■ **TASK STATEMENT**
As the answer, give exactly the lines of the records below from the one with "三日月姫に見立てた主人公は、 相良藩13代当主・長毎の夫人、龍子。 数奇な運命を辿ったお姫様です。" through the one with "Устранение последствий снегопада", ends included and pictures left out.

BEGIN TASK MATERIAL

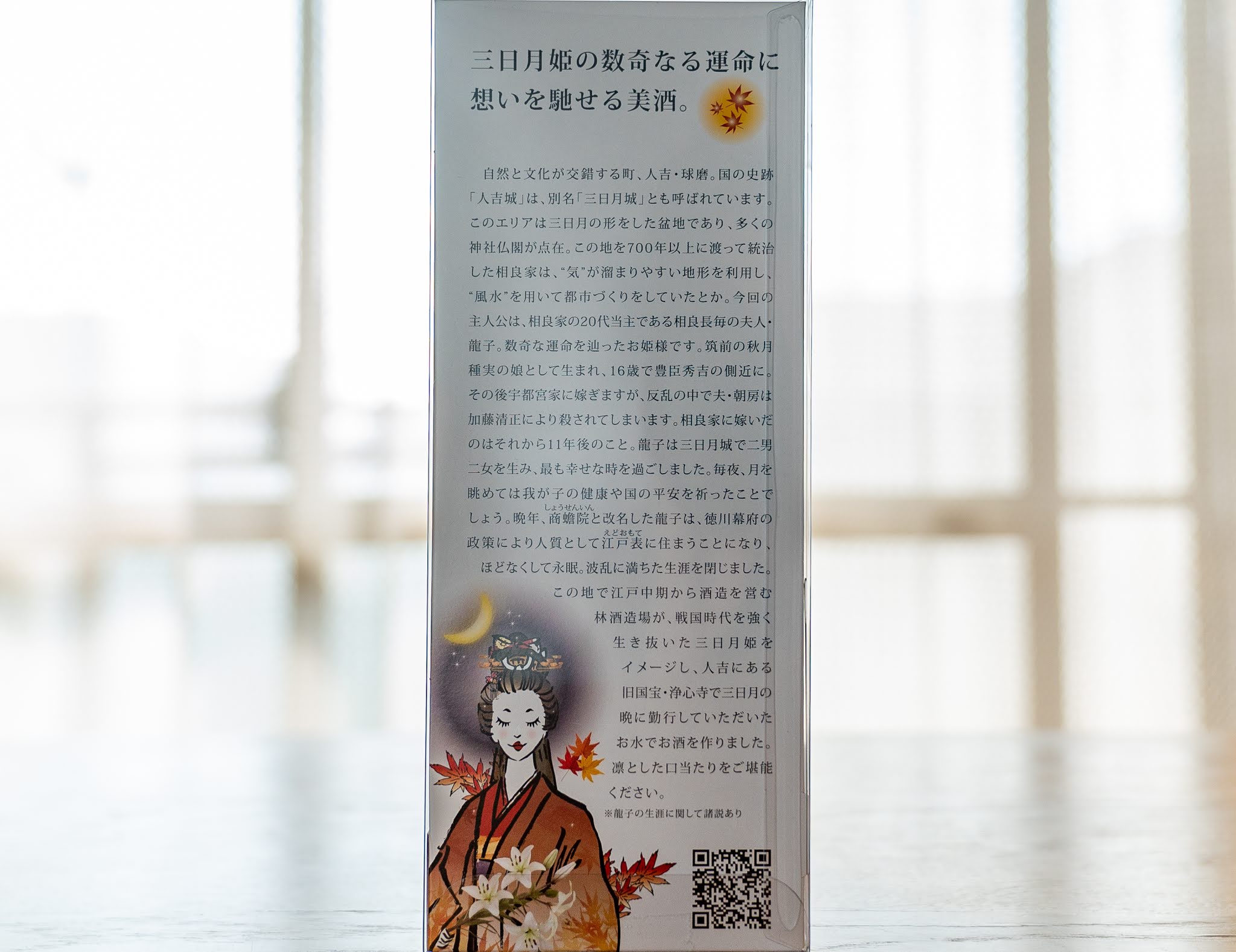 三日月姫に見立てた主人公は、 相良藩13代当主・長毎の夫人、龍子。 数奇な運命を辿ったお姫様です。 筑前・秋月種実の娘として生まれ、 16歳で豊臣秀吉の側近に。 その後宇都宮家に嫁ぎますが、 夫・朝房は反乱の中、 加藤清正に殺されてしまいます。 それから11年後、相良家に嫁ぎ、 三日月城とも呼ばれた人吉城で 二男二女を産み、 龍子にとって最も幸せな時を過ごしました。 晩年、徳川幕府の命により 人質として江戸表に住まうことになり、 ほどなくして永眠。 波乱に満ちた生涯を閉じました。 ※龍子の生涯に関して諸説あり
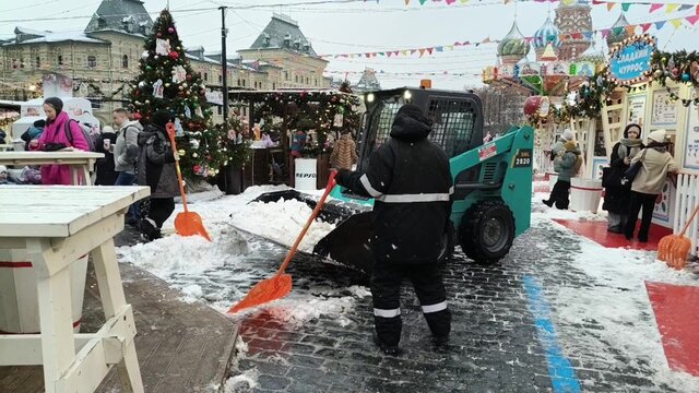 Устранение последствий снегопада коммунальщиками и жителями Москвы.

END TASK MATERIAL
BEGIN TASK MATERIAL

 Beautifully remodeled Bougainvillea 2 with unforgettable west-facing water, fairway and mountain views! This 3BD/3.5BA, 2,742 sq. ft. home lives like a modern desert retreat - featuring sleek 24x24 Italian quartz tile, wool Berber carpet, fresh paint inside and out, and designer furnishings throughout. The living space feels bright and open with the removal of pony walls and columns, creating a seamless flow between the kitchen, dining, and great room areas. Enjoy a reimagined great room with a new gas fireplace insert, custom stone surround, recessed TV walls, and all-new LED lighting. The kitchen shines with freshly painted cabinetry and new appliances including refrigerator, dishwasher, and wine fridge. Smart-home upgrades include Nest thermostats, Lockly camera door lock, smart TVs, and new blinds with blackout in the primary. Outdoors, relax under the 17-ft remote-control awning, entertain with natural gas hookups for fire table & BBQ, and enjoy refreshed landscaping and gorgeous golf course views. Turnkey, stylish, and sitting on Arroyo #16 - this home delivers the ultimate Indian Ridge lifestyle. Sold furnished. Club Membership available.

END TASK MATERIAL

■ **YOUR RESPONSE**
 三日月姫に見立てた主人公は、 相良藩13代当主・長毎の夫人、龍子。 数奇な運命を辿ったお姫様です。 筑前・秋月種実の娘として生まれ、 16歳で豊臣秀吉の側近に。 その後宇都宮家に嫁ぎますが、 夫・朝房は反乱の中、 加藤清正に殺されてしまいます。 それから11年後、相良家に嫁ぎ、 三日月城とも呼ばれた人吉城で 二男二女を産み、 龍子にとって最も幸せな時を過ごしました。 晩年、徳川幕府の命により 人質として江戸表に住まうことになり、 ほどなくして永眠。 波乱に満ちた生涯を閉じました。 ※龍子の生涯に関して諸説あり
 Устранение последствий снегопада коммунальщиками и жителями Москвы.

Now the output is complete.